His lashes lifted. His eyes were much darker than usual. “Do you think the headaches have to do with my…search?”

“Yes, I do.”

In fact, she was convinced of it. He had managed to survive in his identity of Hugh Corbaille by denying his past. Now that his past had caught up with him, however, the fear of facing it was tearing him apart.

No wonder he had headaches.

He said wretchedly, “I think I’m going to be sick.”

She held the bowl for him.


I hate this
,” he said intensely when he had laid back down again.

She understood that it was not just the pain he was talking about. It was the humiliation of being ill.
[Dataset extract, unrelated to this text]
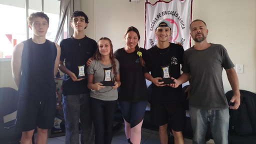 Foto: RSC Portal - EEB Prefeito Luiz Carlos Luiz brilha na etapa municipal do JESC e transforma esporte em ferramenta de formação em Garopaba/ Da direita à esquerda: Miguel Silva; Cauã Garcia; Rafaela Jenisch; Prof Ligiane Fortes Garcia; Gabriel Satim e Pablo diretor da instituição

“You’re not perfect,” she said calmly. “You can become ill just like anyone else.”

“What time is it?” he asked.

She looked at the hourglass. The last two headaches had lasted for eight hours.

“You have four more hours to go,” she said.

His lashes flickered.

Four more hours of agony
, she thought despairingly.
It isn’t fair, Dear Lord. Haven’t You already given him enough to bear?

“My lady.” It was Brian at the door. “Sir Nigel sent me to tell you that Sir Henry is leaving.”

“All right,” she said. “I’ll come.”

Brian left and Cristen stood up. “I told Father last night that I wouldn’t marry Sir Henry,” she said to Hugh’s pain-tensed face.

He managed a smile. “Good.”

She bent and kissed his hair above the compress. “I’ll be back,” she said softly, and left to make her farewells to a very indignant lord of Bowden.

 

The headache held true to form and lifted eight hours after it had begun. A pale and tired-looking Hugh was able to join the household for supper, although he ate very little.

Nigel, warned by Cristen, said nothing about Hugh’s illness. After supper, Cristen’s ladies joined the knights in front of the fire in the Great Hall, and everyone sang to the accompaniment of Thomas’ lute. Then, after the ladies had retired, Hugh remained in the hall to play a game of chess with Matthew.

The solar was dark when Hugh entered, and the doors to both Nigel’s and Cristen’s rooms were closed. Hugh went into his own room and told the squire who was waiting for him that he would undress himself. Once the squire had gone, Hugh returned to the solar.

He stood in the middle of the room, his eyes fixed on her bedroom door, and willed her to come out.

It took her thirty seconds.

She had on her green velvet robe and her shining hair was tucked behind her small ears, spreading in a smooth fan to her waist. She held a finger to her lips and pointed to his room. On silent feet the two of them went inside and closed the door behind them.